### Task
Leaving out all pictures, transcribe exactly the lines between the line with "Der Wohn-Essbereich ist" and the last line of the records below, both included.

### Exercise data
____________________

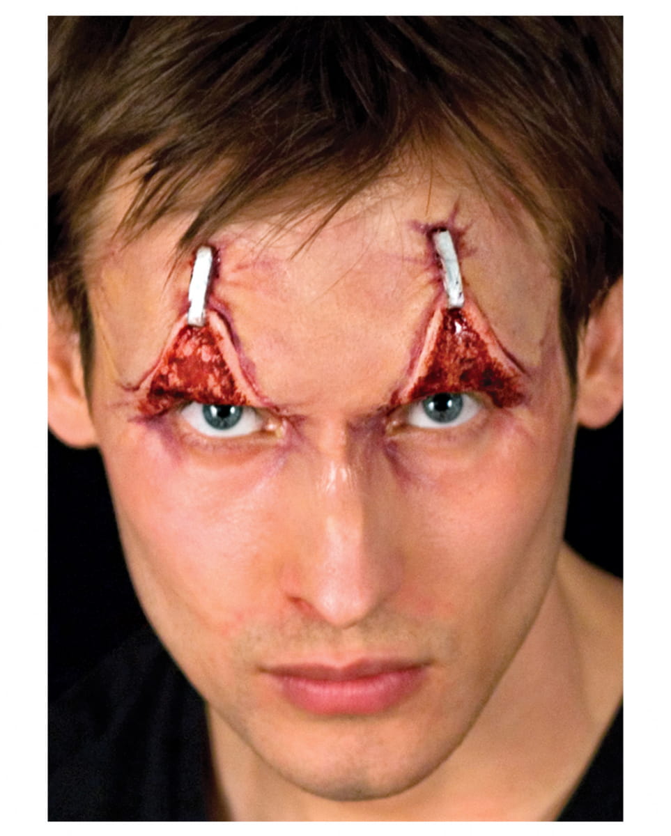 Augenlidstraffung Halloween Latexwunde als Horror und Special FX Make-Up Krasse Halloween Latexwunde für dein Horror Make-Up Du möchtest ein blutiges Halloween Make-Up und deine Freunde mal so richtig schockieren? Dann benutze eine fertige Latexwunde wie z.B. unsere Augenlidstrafung Latexwunde. Einfach mit etwas Hautkleber aufkleben, mit Make-Up und Filmblut kaschieren und fertig ist das Horror Make-Up! Die krasse Augenlidstrafungs Latexwunde ist bereits vorcoloriert und besteht aus hochwertigem Latex. Einfach mit etwas Hautkleber oder Flüssiglatex auf die gewünschte Hautstelle montieren und im Anschluss mit Halloween Schminke und Filmblut kaschieren. Nach dem Gebrauch, kannst du die Latexapplikation einfach wieder entfernen und immer wieder verwenden. Mastix Hautkleber, Flüssiglatex und Filmblut nicht inkl. Lieferumfang: 1 x Augenlidstraffung Halloween Latexwunde als Horror und Special FX Make-Up Inhalt: 1 x Latex Applikation Farbe: Hautfarben, Rot Material: Latex Blutiges Halloween Make-Up selber schminken Hautkleber, Flüssiglatex und Blut nicht inkl.
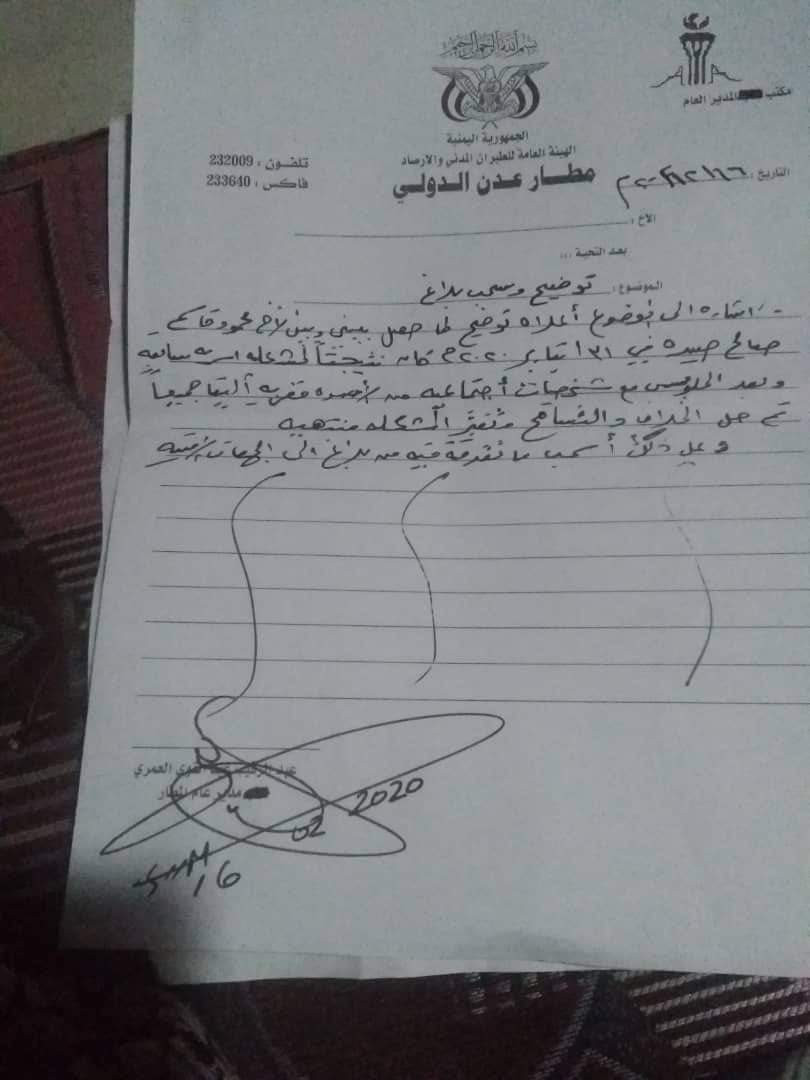 تمكنت شخصيات أجتماعية بعدن مساء اليوم الأحد من وضع نهاية للخلاف وسوء التفاهم الذي حصل بين مدير عام مطار عدن الدولي الاستاذ عبدالرقيب العمري و النقيب محمود صبيرة في بداية شهر فبراير .
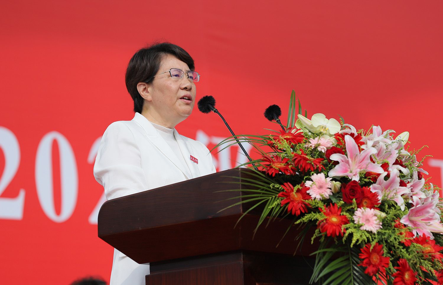 典礼上,校长邢卫红讲话,代表学校向全体2023级新生表示热烈欢迎,向辛勤指导训练的军训教官致以崇高敬意。邢卫红说,好博在线注册_好博(中国)历史悠久、底蕴深厚,鸿儒云集、人才辈出,特色鲜明、使命光荣,同学们在这里求学逐梦,故事会更加精彩,将来大有可为。邢卫红用三句话与全体新生共勉:一是“博学”,把学习作为第一任务,在博学善思中筑牢成长根基;二是“求是”,把创新作为第一本领,在求是探索中增长智慧才干;三是“明德”,把人品作为最高学历,在明德笃行中担当时代大任。邢卫红希望全体新生惜时如金、晴耕雨读,在“博学、求是、明德”校训和“自强厚德,实干求真”好博在线注册_好博(中国)精神指引下,创造更多精彩,成就美好将来。她也提出一个小希望:同学们要养成习惯,每天给家人报平安、与家人分享校园生活。
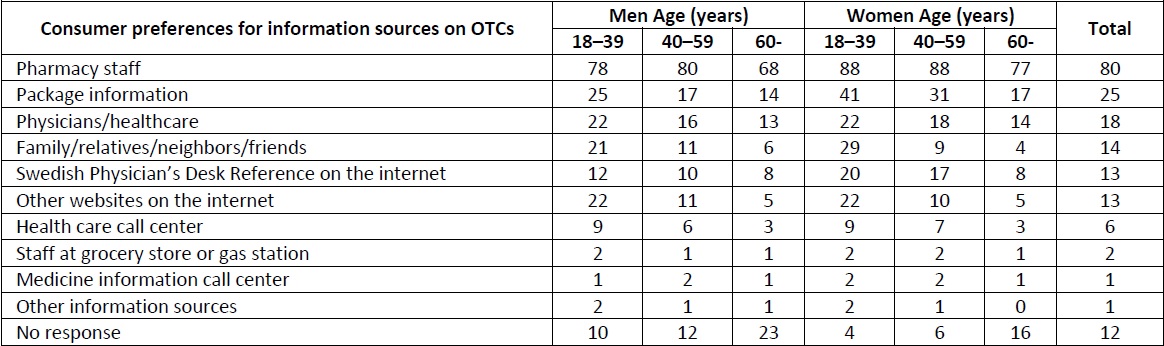 A majority, 68-88%, of all age groups chose the pharmacy staff as a primary source of information, while reading the package text was the second most common response option, albeit not nearly as frequent (Table 5). Young men and women ask family/relatives/neighbors/ friends, as well as physicians/healthcare, more frequently than middle-aged and older respondents, and furthermore they seek information on websites on the internet to a greater extent.
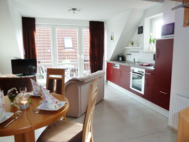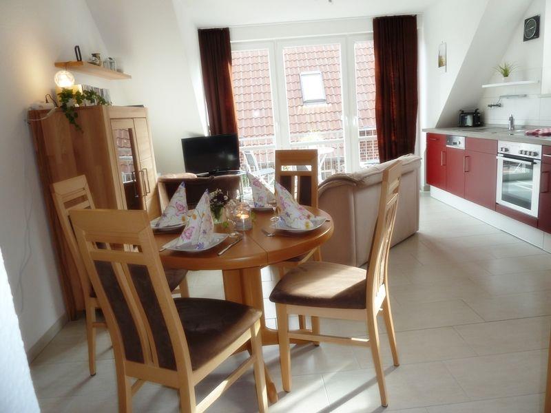 Der Wohn-Essbereich ist hell und freundlich eingerichtet. Die neue Küche ist komplett ausgestattet mit allem, was das Urlauberherz begehrt. Es gibt eine Geschirrspülmaschine, einen Backofen, eine Mikrowelle, einen Kühlschrank mit Gefrierfach, eine Kaffeemaschine und vieles mehr. Der Wohnraum ist gefliest und verfügt über eine angenehme Fußbodenerwärmung und Plissees an Fenster und Balkontür.
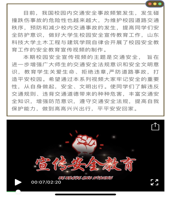 自2021年3月至6月,澳门网投唯一官网自律会先后推出了以校园防火、预防电信诈骗、预防疟疾、交通安全、食品安全、意外事故处理和防溺水为主题的十三期校园安全教育视频。视频的主题涵盖内容广泛,深入学生生活,结合学生创意编排演绎,以喜闻乐见的形式、通俗易懂的方式向学生普及了安全知识、增强了安全意识。澳门网投唯一官网自律会以视频为媒介,协同澳门网投唯一官网新闻宣传中心,在“山科大土建之家”微信公众号与“山科大澳门网投自律会”QQ公众号上向学生宣讲校园安全隐患及处理措施的知识,传播范围广、力度大,完善了校园安全体系,降低了校园安全事故发生的可能性。
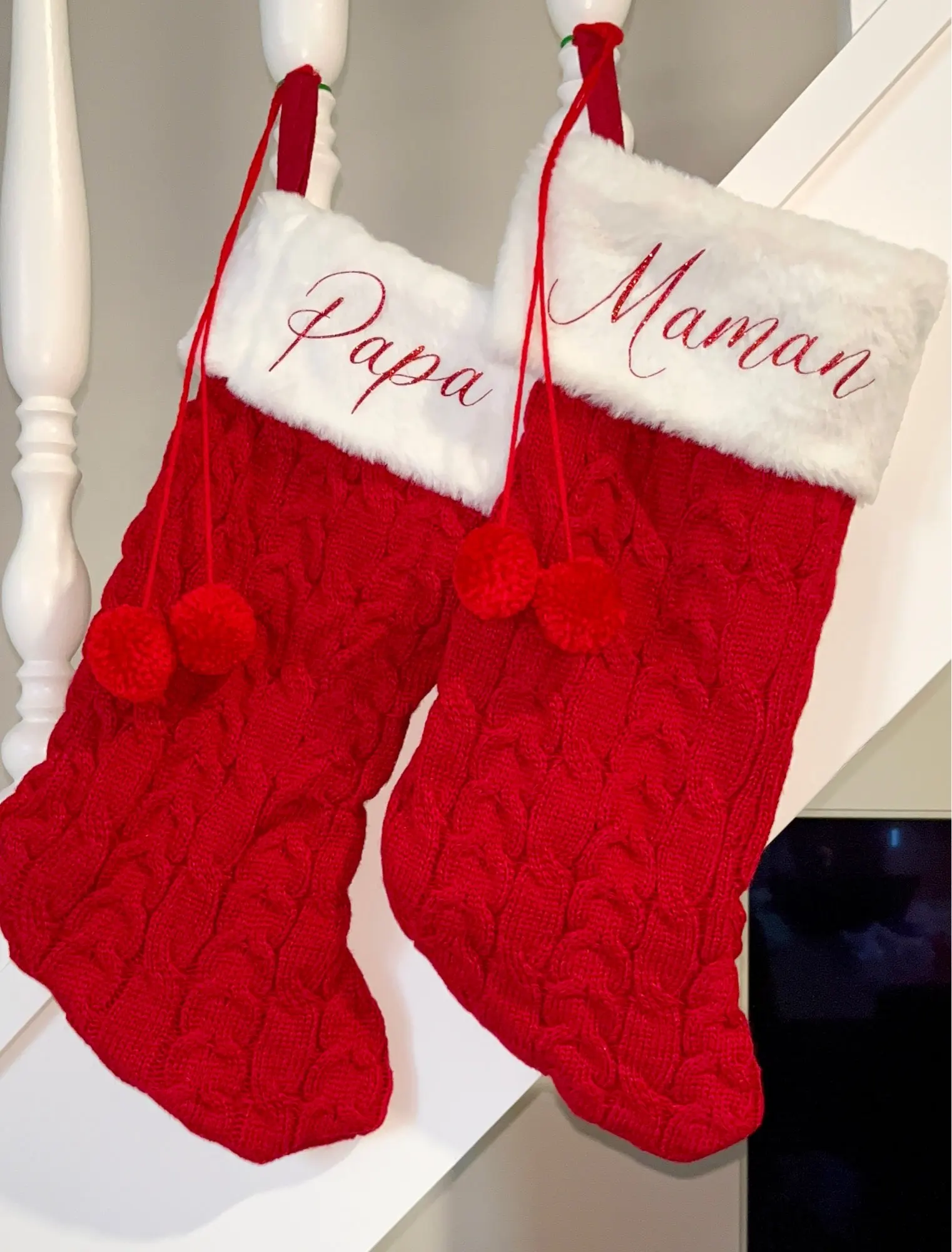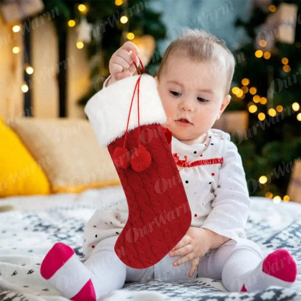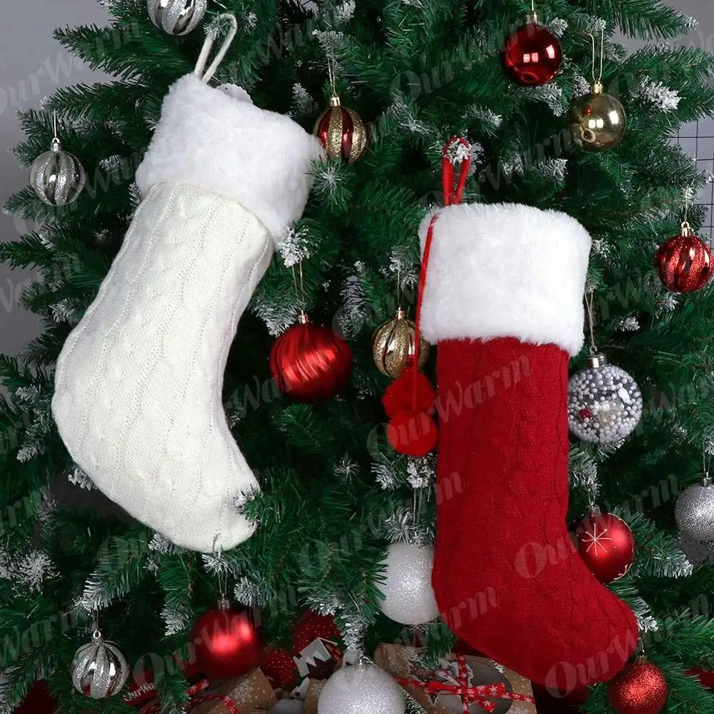 OurWarm рождественские вязаные чулки, Подарочная сумка для конфет, каминная елка, висячие украшения, Рождественское украшение для дома, красныйслоновая кость

____________________

### Written answer
 Der Wohn-Essbereich ist hell und freundlich eingerichtet. Die neue Küche ist komplett ausgestattet mit allem, was das Urlauberherz begehrt. Es gibt eine Geschirrspülmaschine, einen Backofen, eine Mikrowelle, einen Kühlschrank mit Gefrierfach, eine Kaffeemaschine und vieles mehr. Der Wohnraum ist gefliest und verfügt über eine angenehme Fußbodenerwärmung und Plissees an Fenster und Balkontür.
 自2021年3月至6月,澳门网投唯一官网自律会先后推出了以校园防火、预防电信诈骗、预防疟疾、交通安全、食品安全、意外事故处理和防溺水为主题的十三期校园安全教育视频。视频的主题涵盖内容广泛,深入学生生活,结合学生创意编排演绎,以喜闻乐见的形式、通俗易懂的方式向学生普及了安全知识、增强了安全意识。澳门网投唯一官网自律会以视频为媒介,协同澳门网投唯一官网新闻宣传中心,在“山科大土建之家”微信公众号与“山科大澳门网投自律会”QQ公众号上向学生宣讲校园安全隐患及处理措施的知识,传播范围广、力度大,完善了校园安全体系,降低了校园安全事故发生的可能性。
 OurWarm рождественские вязаные чулки, Подарочная сумка для конфет, каминная елка, висячие украшения, Рождественское украшение для дома, красныйслоновая кость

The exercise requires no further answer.